DATA LISTING section start

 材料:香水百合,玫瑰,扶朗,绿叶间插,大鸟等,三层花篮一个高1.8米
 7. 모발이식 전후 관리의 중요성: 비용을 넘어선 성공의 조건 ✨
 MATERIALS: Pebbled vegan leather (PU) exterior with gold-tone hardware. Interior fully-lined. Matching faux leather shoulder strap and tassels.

DATA LISTING section end
DATA LISTING section start

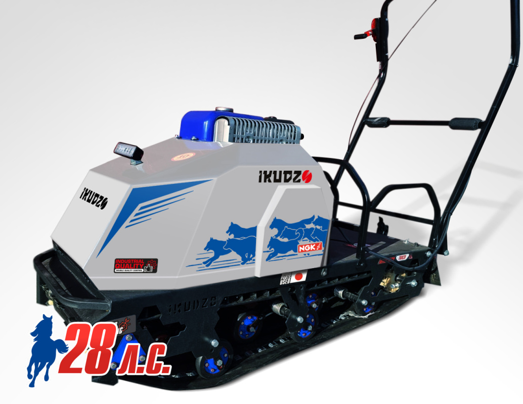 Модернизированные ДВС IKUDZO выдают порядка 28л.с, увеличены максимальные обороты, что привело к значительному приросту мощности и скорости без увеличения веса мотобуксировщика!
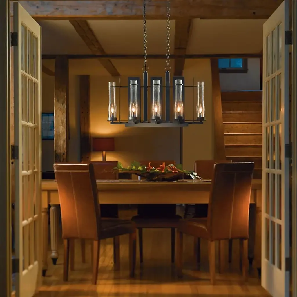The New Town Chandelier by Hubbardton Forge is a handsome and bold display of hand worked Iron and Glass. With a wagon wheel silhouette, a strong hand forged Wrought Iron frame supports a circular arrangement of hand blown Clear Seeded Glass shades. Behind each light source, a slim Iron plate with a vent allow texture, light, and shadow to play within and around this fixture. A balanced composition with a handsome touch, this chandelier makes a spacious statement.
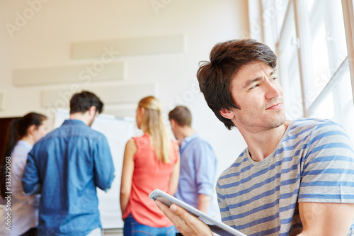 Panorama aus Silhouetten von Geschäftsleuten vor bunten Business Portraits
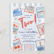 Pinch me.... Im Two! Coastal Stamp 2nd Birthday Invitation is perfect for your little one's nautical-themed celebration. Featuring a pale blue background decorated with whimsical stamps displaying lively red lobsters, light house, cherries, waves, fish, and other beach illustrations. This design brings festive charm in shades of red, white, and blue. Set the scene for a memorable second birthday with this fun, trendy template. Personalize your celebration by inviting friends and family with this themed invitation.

DATA LISTING section end
DATA LISTING section start

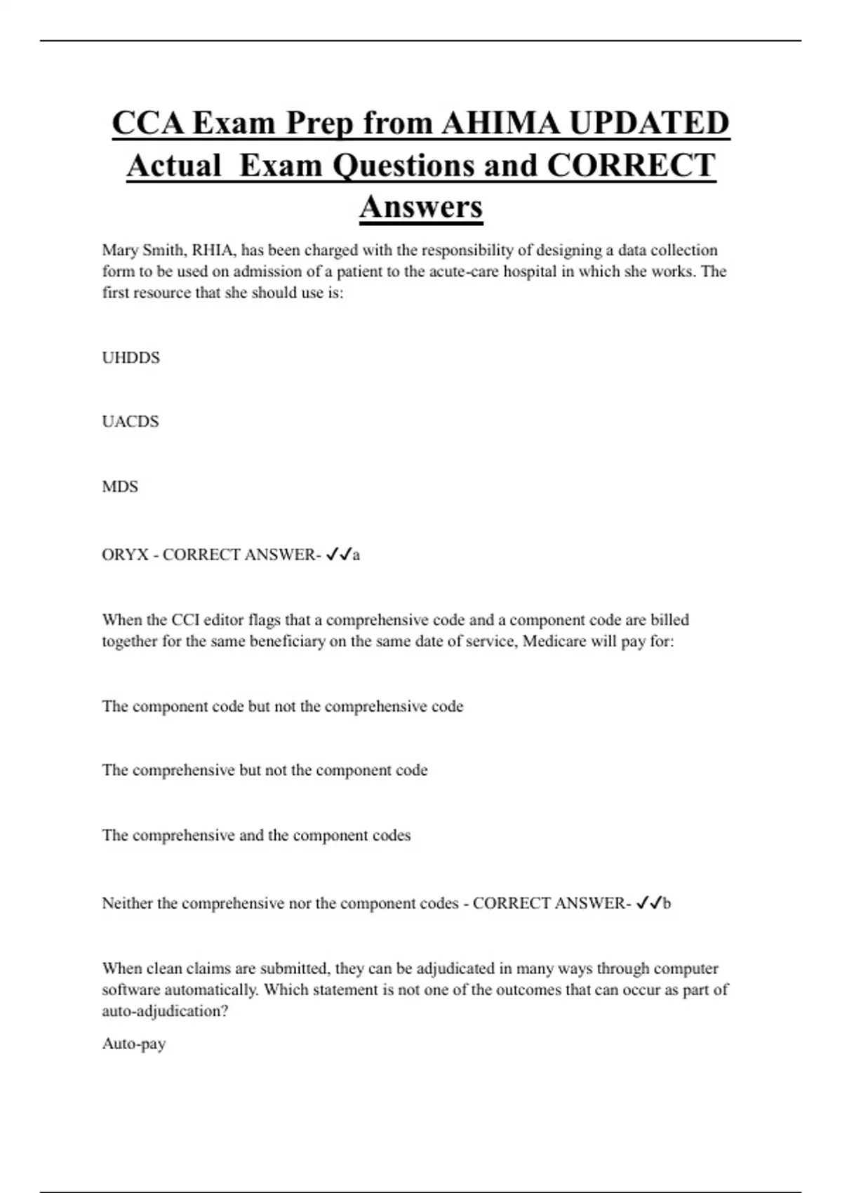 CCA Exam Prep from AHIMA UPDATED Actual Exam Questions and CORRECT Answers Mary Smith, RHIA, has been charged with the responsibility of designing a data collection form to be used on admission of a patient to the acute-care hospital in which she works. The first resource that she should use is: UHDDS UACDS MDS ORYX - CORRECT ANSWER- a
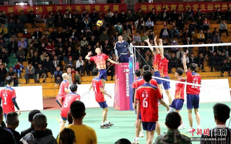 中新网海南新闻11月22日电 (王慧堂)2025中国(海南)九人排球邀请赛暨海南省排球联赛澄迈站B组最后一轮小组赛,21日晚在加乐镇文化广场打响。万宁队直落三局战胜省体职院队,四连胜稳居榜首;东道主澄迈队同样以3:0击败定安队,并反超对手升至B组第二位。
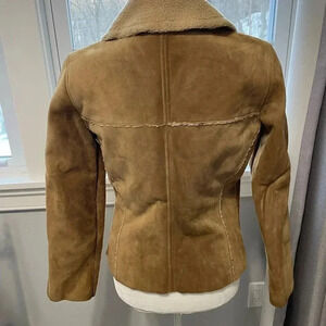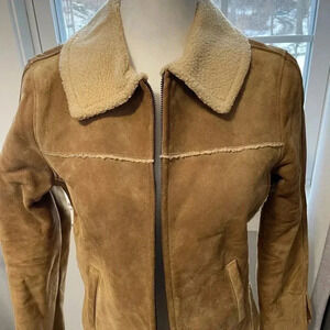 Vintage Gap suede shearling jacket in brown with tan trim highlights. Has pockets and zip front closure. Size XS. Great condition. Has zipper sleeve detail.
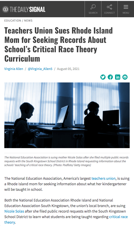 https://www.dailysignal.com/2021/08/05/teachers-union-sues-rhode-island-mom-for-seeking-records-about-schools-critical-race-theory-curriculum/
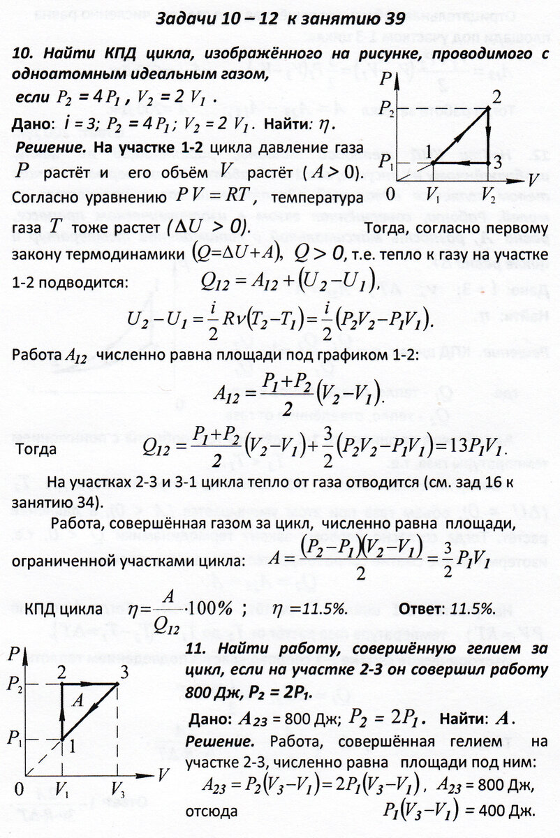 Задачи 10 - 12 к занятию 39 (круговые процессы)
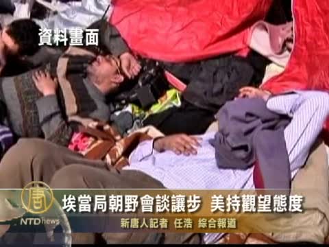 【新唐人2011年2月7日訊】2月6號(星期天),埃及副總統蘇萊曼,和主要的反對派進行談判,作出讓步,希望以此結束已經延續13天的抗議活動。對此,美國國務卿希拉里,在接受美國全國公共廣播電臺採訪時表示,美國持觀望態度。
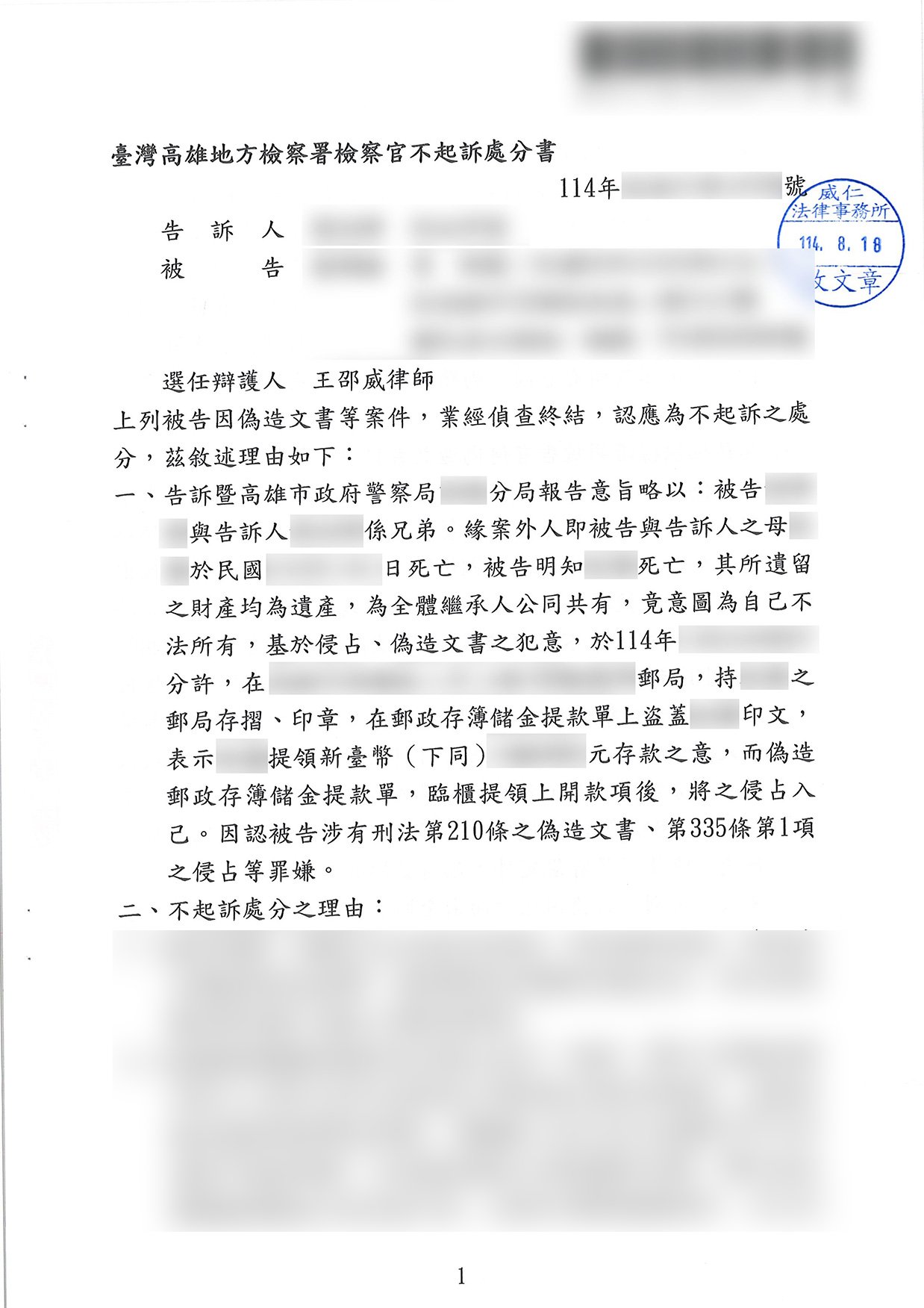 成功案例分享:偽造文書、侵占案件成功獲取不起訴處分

DATA LISTING section end

### TASK ITEM
In your answer, include only the lines above starting at the line that holds "材料:香水百合,玫瑰,扶朗,绿叶间插,大鸟等,三层花篮一个高1.8米" and ending at the line that holds "MATERIALS: Pebbled vegan", copied exactly.

### WRITTEN REPLY
 材料:香水百合,玫瑰,扶朗,绿叶间插,大鸟等,三层花篮一个高1.8米
 7. 모발이식 전후 관리의 중요성: 비용을 넘어선 성공의 조건 ✨
 MATERIALS: Pebbled vegan leather (PU) exterior with gold-tone hardware. Interior fully-lined. Matching faux leather shoulder strap and tassels.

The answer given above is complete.